Looks fine except for the SUb.

If you listen to Polk speakers and like them go for it. Everyone likes a different speaker sound. Polk subs though are generally inferior to what you can buy from an internet direct company. 

The Front Rti8s are well reviewed but most people note a slight bass deficiency. So this would make proper SUB choice even more important. The Polk sub you are looking at is about $300. I might reallocate some of my budget from other speakers towards a bit more expensive sub. Otherwise in the $300 range from what I know you'd be hard pressed to outperform an Elemental Designs A2 - 300 for about $350 (depending on sales promotions etc). I don't own one. I'm not going to won one but there is a lost of positive press and posts out there for these subs as a bargin.


----------



## eugovector (Sep 4, 2006)

Amp won't be needed. Put that a long way down the road.


----------



## tonyvdb (Sep 5, 2007)

With either receiver an external amp is not any benefit as Marshal has stated. Have a look at SVS for a sub they are one of the best around and the price is hard to beat.


----------



## Sonnie (Apr 11, 2006)

What is your equipment budget and what prices have you found on the above equipment thus far?


----------



## salvasol (Oct 31, 2006)

You can also check for a good used sub ... or better, a pair of used subs :yes:


----------



## Guest (Oct 11, 2008)

Sorry it has taken me so long to reply, sometimes life is hectic. From reading the remarks on this forum it sounds like Polk does not necessarily make good speaker, like I have said in the past I am a novice at best when dealing with this stuff. What about Klipcsh speakers? 
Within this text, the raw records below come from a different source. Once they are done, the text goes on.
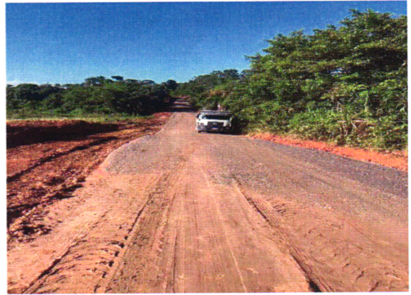
EXECUÇÃO BGS 10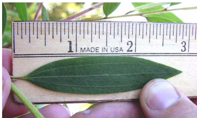
Figura 3. Hoja de melaleuca.

turneri ) fue liberada en 2005 y está siendo evaluada por los investigadores del USDA. Aunque no se espera que estos insectos puedan matar a los árboles maduros, se espera que reduzcan el vigor de los árboles, la producción de semillas y el establecimiento de semilleros. Los controles biológicos se propagan de árbol a árbol por sí mismos y el gorgojo de melaleuca y el psílido de melaleuca están presentes en la mayor parte de las áreas del estado donde hay árboles de melaleuca. Las condiciones tales como fríos extremos y aguas estancadas pueden reducir su población; pero las poblaciones de insectos eventualmente repercutirán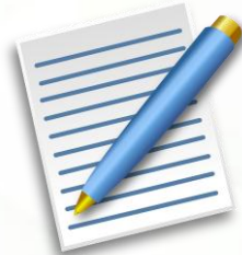
أوراق عمل + ورقة تقويمية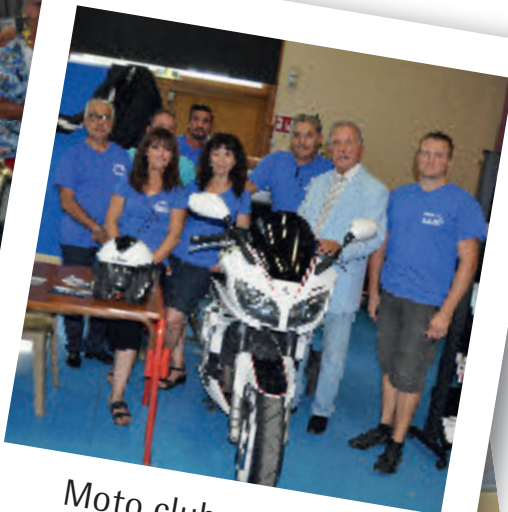
Moto club pontois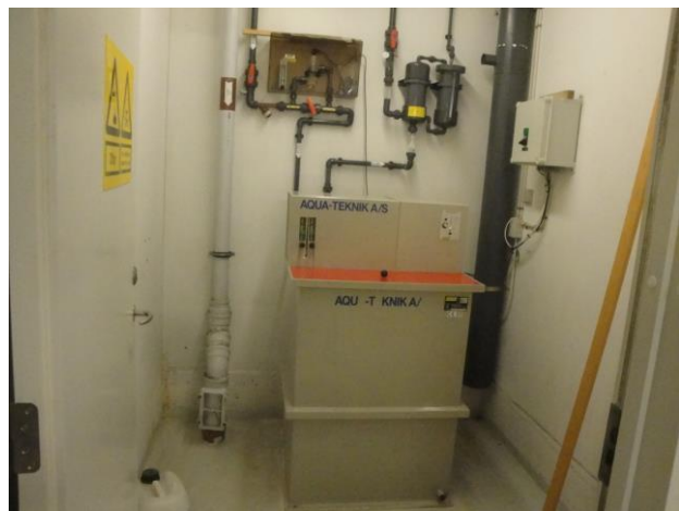
3 tryksandfiltre (Ø2350 mm) til filtrering af bassin vandet. Chlor-elektrolyse anlægget.

Til filtrering af bassin vandet er der 3 sandfiltre og 1 kulfilter.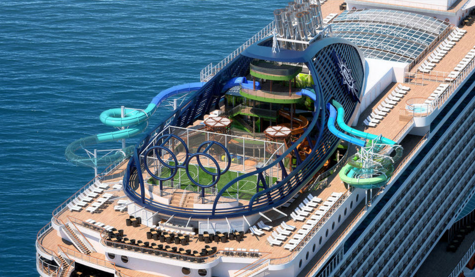
Nyd de mange faciliteter på MSC Seaside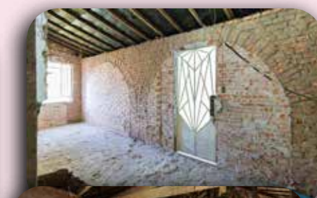
Andamento da obra do Memorial Padre Gregório.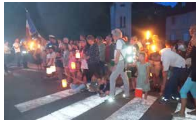
Le défilé à travers les rues du village.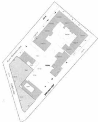
Az ingatlanok elhelyezkedése az 1. Kerületben

A telkeken tehát bruttó 7700 m 2 felépítmény + 2000 m 2 pince építhető (ebből a hasznos alapterület 7400 m 2 ). 2023-as árszinten önköltségben 1 m 2 átlagos szerkezetű, megjelenésű és funkciójú épület megépítése kb. nettó 1.200.000,- Ft-ba kerül, vagyis a teljes projektköltség 1.200 eFt x 9700 m 2 = 11.640.000,- eFt, azaz nettó 11,64 milliárd forint összegre tehető, ez 27 %-os ÁFA-val növelten bruttó 14,78 milliárd Ft, kerekítve 15 milliárd Ft projektárat jelent, amennyiben a telkek beépítési lehetőségét teljes mértékben kihasználjuk. Ez esetben akár 90 db önkormányzati tulajdonú, korszerű lakás jön létre és 1000 m 2 sokcélúan felhasználható közösségi tér a földszinten. Kisebb épülettel természetesen a költség is arányosan csökken. A projekt időbeli lefutása a finanszírozás tisztázását követően két éves előkészítő munkát jelent, ennek elemeit a továbbiakban részletezzük, a kivitelezés pedig három évet igényel, vagyis a projekt teljes megvalósulásának időtartama hozzávetőlegesen öt év. A projekt előzetes költségbeclése alapján a megvalósítás feltétele az önkormányzat saját pénzügyi forrásainak kiegészítése. A projekt - több szakaszra való bontásával - már a rendelkezésre álló saját források bevonásával is elindítható, illetve gyorsítható a beruházás.

As for the prices I have found here they are:
Projector
Panasonic pt-ae1000u $1500
Mitsubishi HC 5500 $1600

AVR
Onkyo tx-sr806 $730
tx-sr876 $900

Speakers
Polk
Front Rti8 $170 each
Rti10 $450 Pair
Center Csi3 $120
Csi5 $190
Surrounds 
Rti4 $179
Rti 6 $190
Fxi3 $220
Sub woofer Psw505 $270


What I have realized from chatting with everyone is that I may have to spend a bit more on the speaker and get better ones. However I would like to stay close to the $1500 - $2000 mark. I still have to look into SVS, they seem to get good reviews.
Thanks again
PineAlps


----------